TDD-001: Historical Ledger Storage & Reporting Strategy¶
Status: Accepted Date: 2025-12-23 Context: General Ledger Processing Worker Tasks
1. Context and Problem Statement¶
Our system processes financial general ledgers (CSV/Excel/Text) containing anywhere from hundreds to hundreds of thousands of records.
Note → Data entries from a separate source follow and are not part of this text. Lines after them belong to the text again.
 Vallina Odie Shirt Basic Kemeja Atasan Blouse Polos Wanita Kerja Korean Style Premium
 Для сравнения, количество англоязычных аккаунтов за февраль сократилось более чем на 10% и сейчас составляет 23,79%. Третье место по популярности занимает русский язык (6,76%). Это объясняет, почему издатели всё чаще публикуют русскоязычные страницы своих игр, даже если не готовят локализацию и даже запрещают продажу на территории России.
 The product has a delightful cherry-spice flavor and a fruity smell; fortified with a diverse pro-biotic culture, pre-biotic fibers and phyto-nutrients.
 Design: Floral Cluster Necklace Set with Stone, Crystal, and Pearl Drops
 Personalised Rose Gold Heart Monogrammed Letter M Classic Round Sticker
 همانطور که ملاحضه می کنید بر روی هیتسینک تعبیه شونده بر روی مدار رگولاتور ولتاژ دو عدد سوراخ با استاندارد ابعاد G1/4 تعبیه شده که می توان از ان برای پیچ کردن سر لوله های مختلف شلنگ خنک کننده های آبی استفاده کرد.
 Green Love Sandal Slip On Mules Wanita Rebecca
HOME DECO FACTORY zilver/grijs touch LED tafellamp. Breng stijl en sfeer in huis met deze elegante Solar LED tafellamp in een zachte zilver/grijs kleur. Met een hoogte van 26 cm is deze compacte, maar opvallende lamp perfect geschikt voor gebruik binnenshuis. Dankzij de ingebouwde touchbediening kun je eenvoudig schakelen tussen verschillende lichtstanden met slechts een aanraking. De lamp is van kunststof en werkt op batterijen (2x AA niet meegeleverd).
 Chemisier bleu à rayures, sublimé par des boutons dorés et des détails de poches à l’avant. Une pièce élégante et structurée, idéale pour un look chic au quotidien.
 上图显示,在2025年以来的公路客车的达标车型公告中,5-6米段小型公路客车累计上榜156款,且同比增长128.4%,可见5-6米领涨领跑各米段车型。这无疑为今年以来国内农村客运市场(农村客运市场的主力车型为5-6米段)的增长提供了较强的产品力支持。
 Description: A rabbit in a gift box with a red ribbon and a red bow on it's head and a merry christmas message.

Currently, when a user uploads a new ledger, the system runs a “cleanup” strategy that deletes all existing normalized records for that account and fiscal year to conserve database storage.
The Conflict:
- Storage Constraints: Storing millions of normalized rows for every historical upload in PostgreSQL is not scalable and leads to table bloat.
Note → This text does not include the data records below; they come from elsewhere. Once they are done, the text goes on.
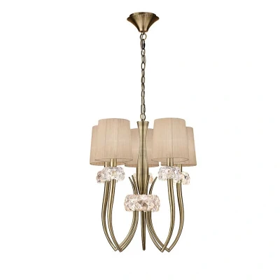 Designed in antique brass with soft bronze shades, the Loewe Slim Pendant features five E14 lights. This stylish fixture brings warmth and elegance to your indoor spaces.
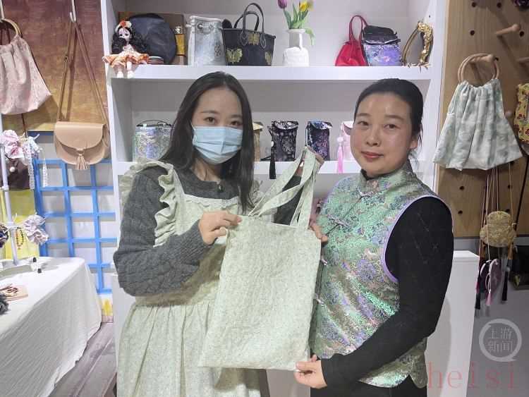 在工作室里学习的詹女士是一名95后,通过学习后现在能够制作发圈、布包。“来这里学习是因为我对缝纫比较感兴趣,第一节课入门后就能做成品了。今天又做了一个包,现在打算自己买一台缝纫机,最近几天在看具体型号。”
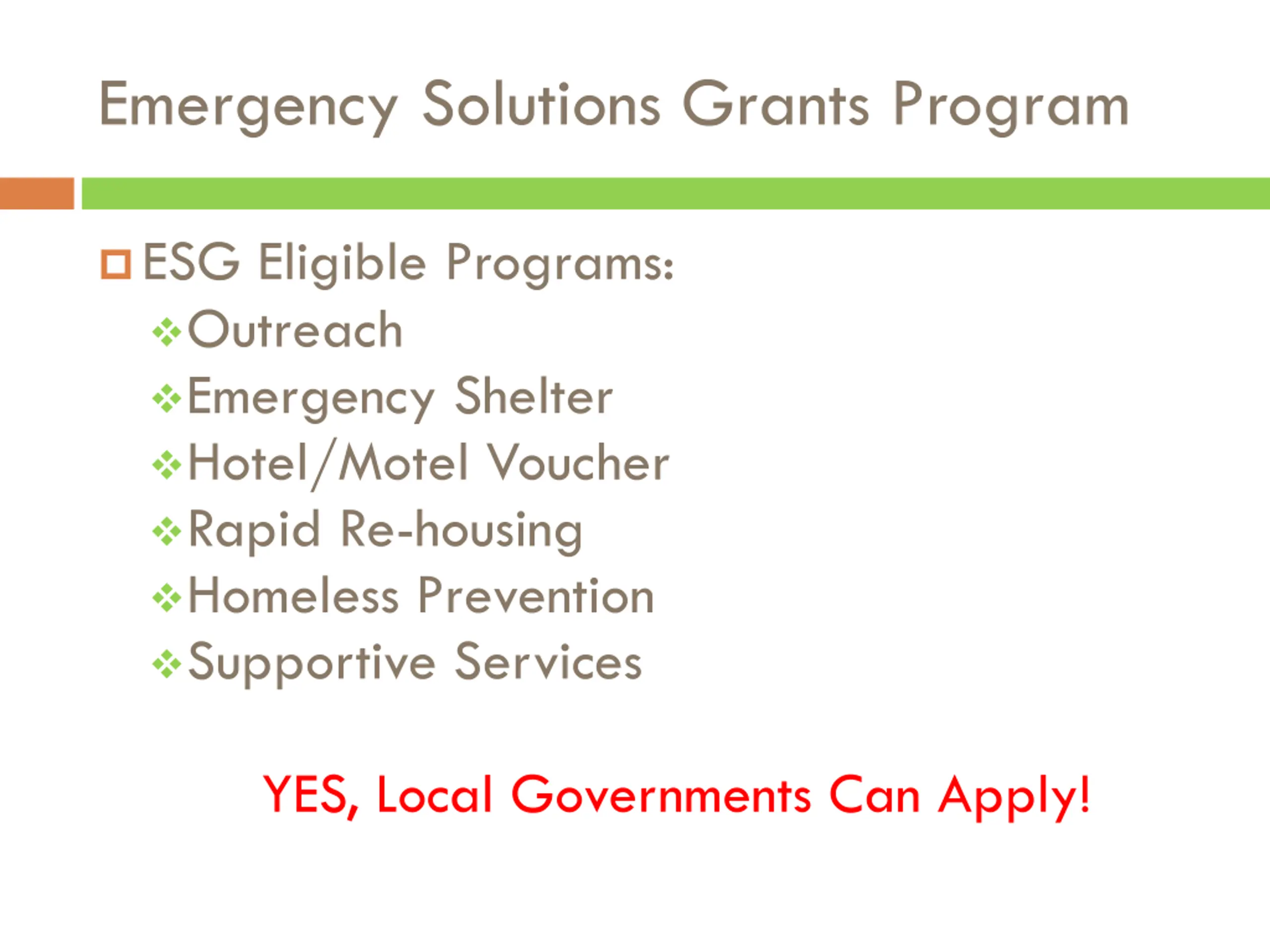 Emergency Solutions Grants Program ESG Eligible Programs: Outreach Emergency Shelter Hotel/Motel Voucher Rapid Re-housing Homeless Prevention Supportive Services YES, Local Governments Can Apply!

- Feature Requirement: Users need to be able to generate reports (IDC/CTED) based on previously uploaded ledgers, not just the most recent one.
- Current State: Because we delete the old rows, attempting to run a report on a historical ledger fails (no data found).
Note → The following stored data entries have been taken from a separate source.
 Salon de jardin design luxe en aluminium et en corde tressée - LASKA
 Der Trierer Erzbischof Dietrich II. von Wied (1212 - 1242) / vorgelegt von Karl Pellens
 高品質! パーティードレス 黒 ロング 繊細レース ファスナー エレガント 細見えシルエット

We need a solution that allows reporting on historical data without exponentially increasing database storage costs or performance degradation.
2. Decision: “Frozen Artifact” with Lazy Backfill¶
We will adopt a Hybrid Storage Strategy utilizing both PostgreSQL and Google Cloud Storage (GCS).
- Active Data (PostgreSQL): The most recently uploaded ledger’s records (for the account/fiscal year) remain in the database for fast, relational querying.
- Historical Data (GCS Artifacts): Upon processing, a compressed JSON
artifact (
.json.gz) of the normalized records is saved to GCS. - Lazy Backfill: For legacy files that currently have neither DB rows nor an artifact, we will re-process the original raw file on-demand and generate the artifact then.
The “Waterfall” Retrieval Logic¶
When TemplaterHelper requests normalized records, it will follow this priority
order:
- Hot Storage (DB): Check PostgreSQL. If records exist, use them.
- Cold Storage (Artifact): Check GCS for
ledger-artifacts/{ledgerFileId}.json.gz. If found, download, unzip, and use. - Legacy Fallback (Re-process): If neither exists
- Download the original raw input file from GCS.
- Run
LedgerNormalizerin-memory. - Map the results to match the database schema (snake_case).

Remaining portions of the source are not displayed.